俺は困惑したまま、両手に着ていたスーツを持って桃瀬さんの後を追いかけた。
都内の服屋をあとにし、電車に乗せられたかと思ったら着いたのは平日で閑散とした遊園地。
「…って、何で遊園地なんですか?!」
「一回来てみたかったんだよね。」
桃瀬さんは駅のロッカーに俺のスーツを丁寧に畳んで仕舞うと、しわになっちゃうかなあ、と呟きながら鍵を閉めた。
「さー!行こう!」
「桃瀬さん、病院戻りましょうって…!」
「ここまで来て何言ってるのさ。」
「だって、体が…!」
桃瀬さんはポケットから折りたたんだ一枚の紙きれを取り出し、広げて俺の眼前に突き出す。
「外出許可は取ったよ。」
「それはさっき見ましたけど!一体どうやって許可取ったんですか?!」
「世良にお願いしたら書いてくれた。」
「うそでしょ…」
こういうのを職権濫用と言うんじゃないのか。
「まあいいじゃん、今くらい現実忘れて楽しもうよ。せっかく『駆け落ち』したんだからさ。」
桃瀬さんは楽しそうに笑って、何乗ろうかなあ、とパンフレットを広げ始めた。
最初はメリーゴーランドなんて大人しいものに乗ったのに、次の瞬間にはコーヒーカップに乗せられ、無理やり勢いよく回されて目が回った。
「名木ちゃん、三半規管弱いなあ。」
「桃瀬さんがおかしいんですよっ…!」
眩暈をこらえながらふらふらとついて歩いていると、あ、と桃瀬さんが指をさしたのは巨大な観覧車。
「観覧車乗ろ。」
「…はい…。」
もう何も言う気が起きずにただ頷いてついて行く。
「もうこれで最後かなー。だいぶ暗くなってきちゃったね。」
「そうですね…。」
向かい合って座ると、ゆっくりとゴンドラが上昇していく。
「頂上着くくらいには、真っ暗かなあ。夜景、綺麗に見えたらロマンチックだね。」
言われて下を見る。まだ地上が近いけれど、ちらほら街中に明かりが灯っていく様子が見えた。
「桃瀬さん、具合悪くないですか?」
心配になって聞くけど、桃瀬さんは苦笑して「何ともないって。」と言うだけだった。
「心配性だなあ、名木ちゃん。」
「心配するにきまってるじゃないですか。俺、桃瀬さんの病気の事よく知らないし…っ。」
世良さんに桃瀬さんの病状について聞いてみたけれど、家族でもないのに勝手に話せない、とすげなくあしらわれてしまった。
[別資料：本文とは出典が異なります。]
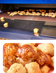 焼く距離の長い窯で、えびさんご、花あられ、ごぼうおかき、豆もちなど、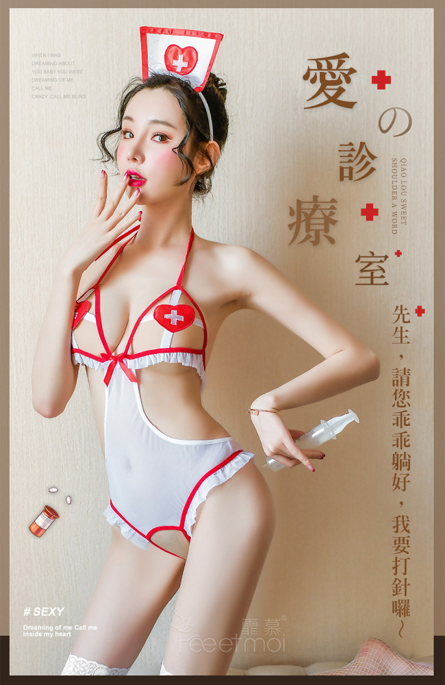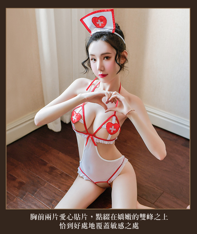 ►您現在的位置:首頁>護士角色扮演服!綁帶開襠愛心胸片連身衣 - 含網襪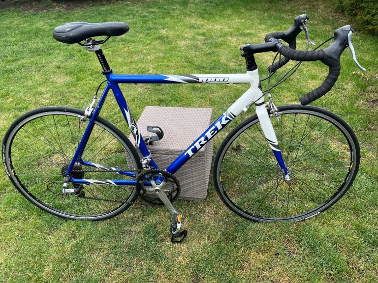 Trek 1000 Men’s Road bike, Aluminium lightweight frame, 16 speed Shimano Sora quick shift gears, Bontrager handlebar & stem / crank shaft and seat post. RaceXrims with Michelin Dynamic Sport tyres and quick release front & rear. Upgraded Gel pad saddle and Mt.Zefal toe clips on the pedals.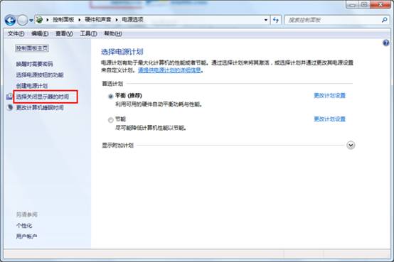 4.点击左边栏目中的“选择关闭显示器的时间”

「…病気の事だけじゃなくて、俺…桃瀬さんのこと何も知らない…。」
「俺だって名木ちゃんの事ほとんど知らないよ?」
そう言うと、桃瀬さんは指を折って数え始めた。
「知ってる事って言ったら背が高い事でしょ、前髪はいつも左から流してる事でしょ。あとは裕斗と同じ会社に勤めてる事と、お酒に弱い事。」
それと、と言って、最後の小指をゆっくり内側に折る。
「俺の作る、キャラメルラテが好き。」
伏し目がちだった顔を上げて俺を見ると、「ね。俺だってこれくらいしか知らない。」と笑ってみせる。
「名木ちゃんは、俺の事どれくらい知ってる?」
言われて考えるけれど、本当に何も思い浮かばない。
「…手が小さくて、髪が桜色で綺麗で。コーヒー飲めないくせにバリスタしてて…心臓が、悪い。」
あとは知りません、と俯きがちに言うと、「そっかあ、じゃあ何から話そうかな。」と言いながら桃瀬さんは外を見た。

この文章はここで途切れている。